**Extracted records:**
•••
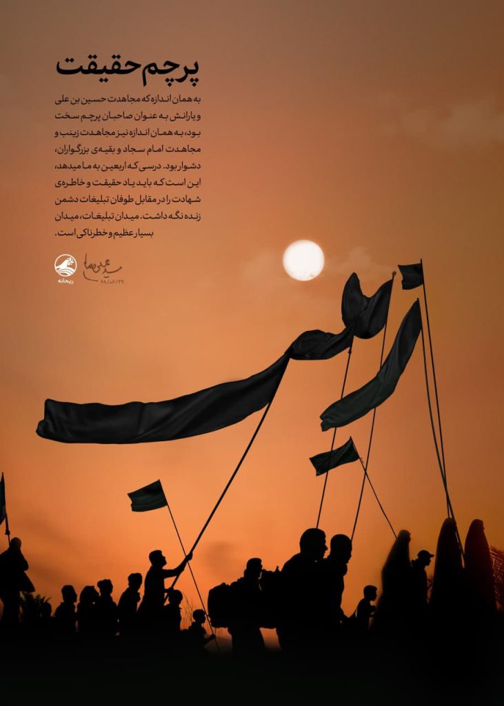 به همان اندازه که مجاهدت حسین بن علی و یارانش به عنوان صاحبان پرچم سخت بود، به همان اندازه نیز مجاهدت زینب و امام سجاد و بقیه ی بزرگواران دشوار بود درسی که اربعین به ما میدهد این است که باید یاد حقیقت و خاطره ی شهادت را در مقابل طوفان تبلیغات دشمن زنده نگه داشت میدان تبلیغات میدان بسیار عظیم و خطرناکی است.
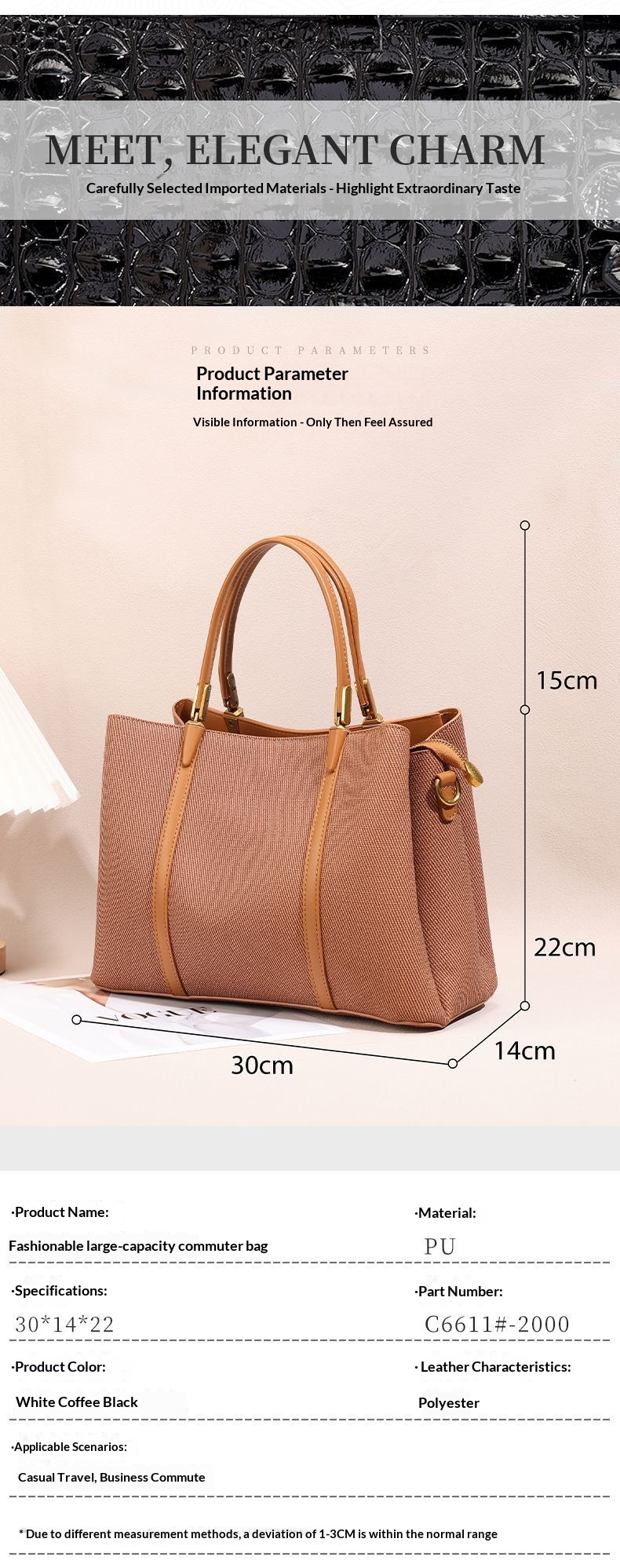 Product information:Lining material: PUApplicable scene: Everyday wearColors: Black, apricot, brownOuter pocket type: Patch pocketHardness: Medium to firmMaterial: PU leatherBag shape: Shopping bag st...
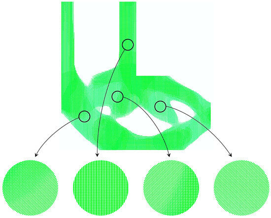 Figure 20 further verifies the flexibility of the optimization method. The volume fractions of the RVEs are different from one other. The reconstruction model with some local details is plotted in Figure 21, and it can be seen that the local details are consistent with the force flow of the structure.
•••
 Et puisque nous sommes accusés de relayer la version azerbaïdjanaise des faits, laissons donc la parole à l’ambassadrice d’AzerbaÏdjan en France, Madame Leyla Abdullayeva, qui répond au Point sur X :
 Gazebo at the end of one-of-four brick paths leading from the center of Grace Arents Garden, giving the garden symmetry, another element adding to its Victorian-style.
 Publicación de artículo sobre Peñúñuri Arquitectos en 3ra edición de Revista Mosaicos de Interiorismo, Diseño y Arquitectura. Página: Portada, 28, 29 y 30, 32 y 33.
•••
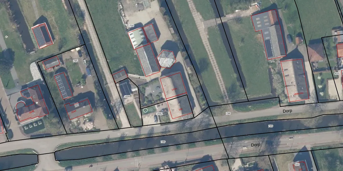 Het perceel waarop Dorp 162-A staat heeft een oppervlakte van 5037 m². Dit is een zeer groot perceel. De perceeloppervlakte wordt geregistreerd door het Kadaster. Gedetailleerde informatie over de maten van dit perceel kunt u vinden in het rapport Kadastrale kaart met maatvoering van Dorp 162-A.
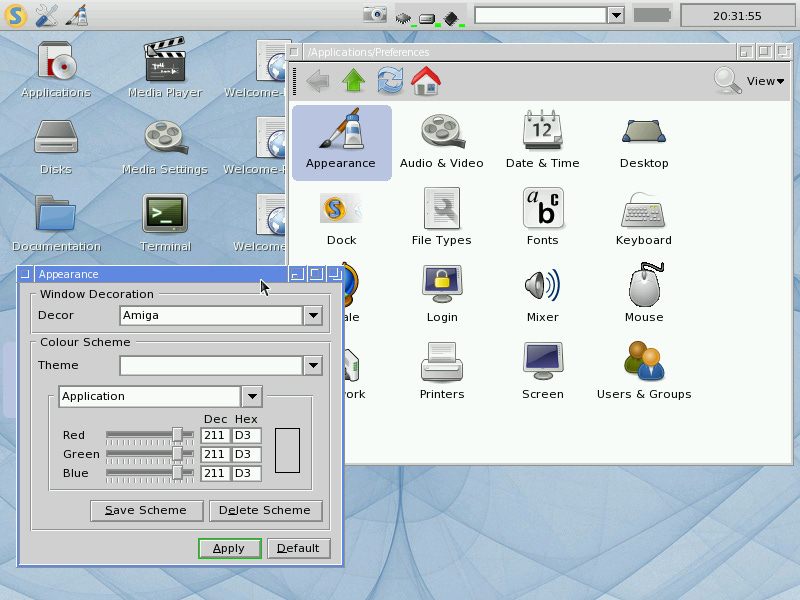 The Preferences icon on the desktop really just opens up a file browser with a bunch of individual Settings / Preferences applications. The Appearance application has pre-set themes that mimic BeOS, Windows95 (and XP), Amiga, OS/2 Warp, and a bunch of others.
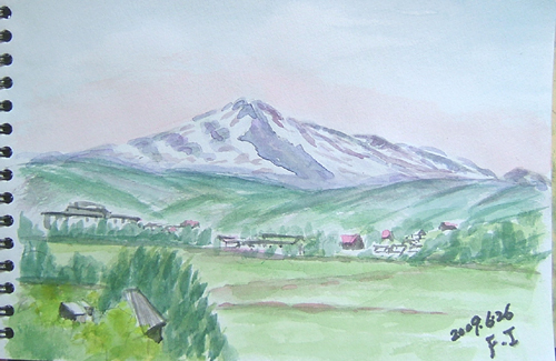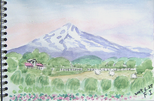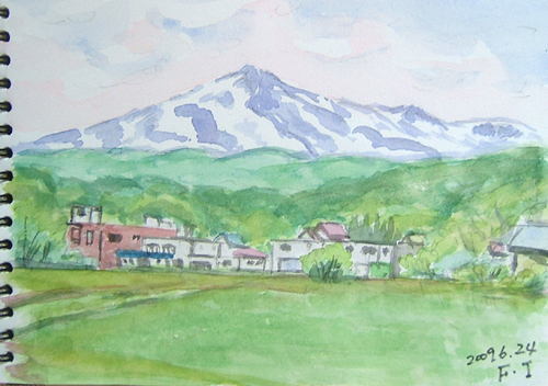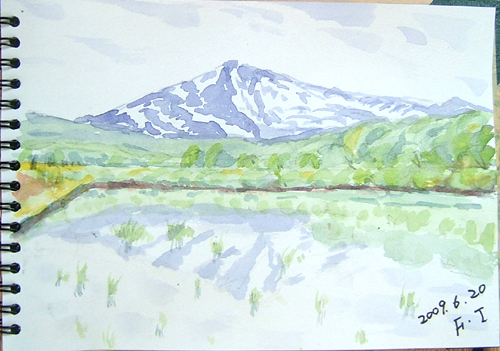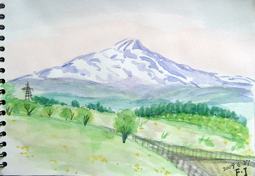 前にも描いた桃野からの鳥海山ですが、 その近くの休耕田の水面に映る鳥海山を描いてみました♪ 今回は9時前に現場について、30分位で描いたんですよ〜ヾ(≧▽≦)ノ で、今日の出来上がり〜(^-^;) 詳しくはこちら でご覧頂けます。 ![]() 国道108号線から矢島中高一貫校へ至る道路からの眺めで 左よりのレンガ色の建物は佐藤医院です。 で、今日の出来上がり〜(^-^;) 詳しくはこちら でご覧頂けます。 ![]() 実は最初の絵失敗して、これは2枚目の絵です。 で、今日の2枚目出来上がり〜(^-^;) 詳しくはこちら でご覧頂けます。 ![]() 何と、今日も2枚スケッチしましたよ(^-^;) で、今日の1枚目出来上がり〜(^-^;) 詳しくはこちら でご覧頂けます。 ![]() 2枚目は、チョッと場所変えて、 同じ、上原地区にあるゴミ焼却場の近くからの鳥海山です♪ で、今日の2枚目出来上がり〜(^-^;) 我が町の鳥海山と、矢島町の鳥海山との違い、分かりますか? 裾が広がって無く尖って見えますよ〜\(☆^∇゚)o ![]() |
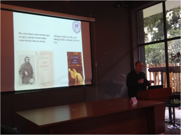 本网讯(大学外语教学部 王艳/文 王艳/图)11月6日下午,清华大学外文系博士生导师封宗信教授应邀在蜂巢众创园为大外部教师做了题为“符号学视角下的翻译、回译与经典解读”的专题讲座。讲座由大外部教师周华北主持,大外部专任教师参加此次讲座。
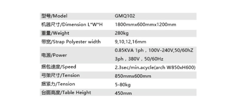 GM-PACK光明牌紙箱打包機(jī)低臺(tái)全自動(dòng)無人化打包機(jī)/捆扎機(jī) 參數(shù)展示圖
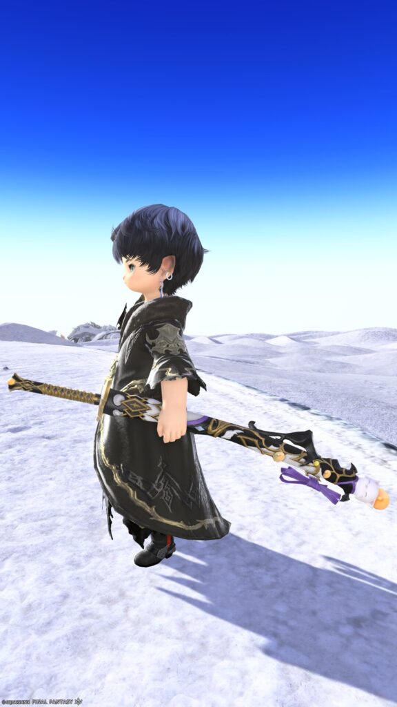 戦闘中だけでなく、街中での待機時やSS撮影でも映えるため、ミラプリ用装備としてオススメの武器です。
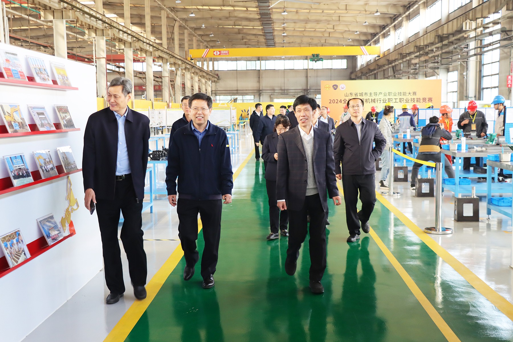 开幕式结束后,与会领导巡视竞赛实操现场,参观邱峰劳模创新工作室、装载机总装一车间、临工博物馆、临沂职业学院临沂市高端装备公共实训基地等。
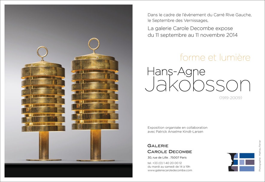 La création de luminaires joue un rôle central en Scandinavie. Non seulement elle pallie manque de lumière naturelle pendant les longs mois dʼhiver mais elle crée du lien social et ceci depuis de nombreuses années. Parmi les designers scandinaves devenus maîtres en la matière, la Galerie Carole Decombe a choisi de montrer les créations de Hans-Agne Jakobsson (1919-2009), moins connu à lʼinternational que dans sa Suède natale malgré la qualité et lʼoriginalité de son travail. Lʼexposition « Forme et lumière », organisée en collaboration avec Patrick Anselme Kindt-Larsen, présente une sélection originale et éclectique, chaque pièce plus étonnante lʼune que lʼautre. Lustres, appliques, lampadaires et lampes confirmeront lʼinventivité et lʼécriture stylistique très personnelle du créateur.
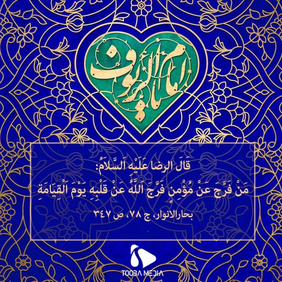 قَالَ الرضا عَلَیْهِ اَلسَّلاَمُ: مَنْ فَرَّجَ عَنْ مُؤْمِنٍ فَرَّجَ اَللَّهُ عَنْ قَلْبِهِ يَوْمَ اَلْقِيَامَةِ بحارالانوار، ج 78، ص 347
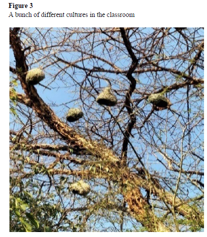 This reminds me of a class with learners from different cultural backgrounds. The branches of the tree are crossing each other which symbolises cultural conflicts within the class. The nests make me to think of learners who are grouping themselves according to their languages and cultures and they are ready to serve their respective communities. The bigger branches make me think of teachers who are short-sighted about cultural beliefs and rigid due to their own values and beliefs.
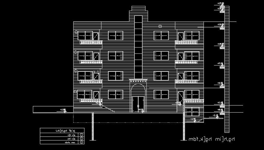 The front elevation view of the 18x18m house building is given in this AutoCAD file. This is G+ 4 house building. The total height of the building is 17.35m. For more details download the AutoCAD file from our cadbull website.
•••
**About this exercise:** The expected output is the lines above from the one containing "به همان اندازه که" to the one containing "Figure 20 further", both ends included, reproduced exactly with every picture left out.

**Result below:**
 به همان اندازه که مجاهدت حسین بن علی و یارانش به عنوان صاحبان پرچم سخت بود، به همان اندازه نیز مجاهدت زینب و امام سجاد و بقیه ی بزرگواران دشوار بود درسی که اربعین به ما میدهد این است که باید یاد حقیقت و خاطره ی شهادت را در مقابل طوفان تبلیغات دشمن زنده نگه داشت میدان تبلیغات میدان بسیار عظیم و خطرناکی است.
 Product information:Lining material: PUApplicable scene: Everyday wearColors: Black, apricot, brownOuter pocket type: Patch pocketHardness: Medium to firmMaterial: PU leatherBag shape: Shopping bag st...
 Figure 20 further verifies the flexibility of the optimization method. The volume fractions of the RVEs are different from one other. The reconstruction model with some local details is plotted in Figure 21, and it can be seen that the local details are consistent with the force flow of the structure.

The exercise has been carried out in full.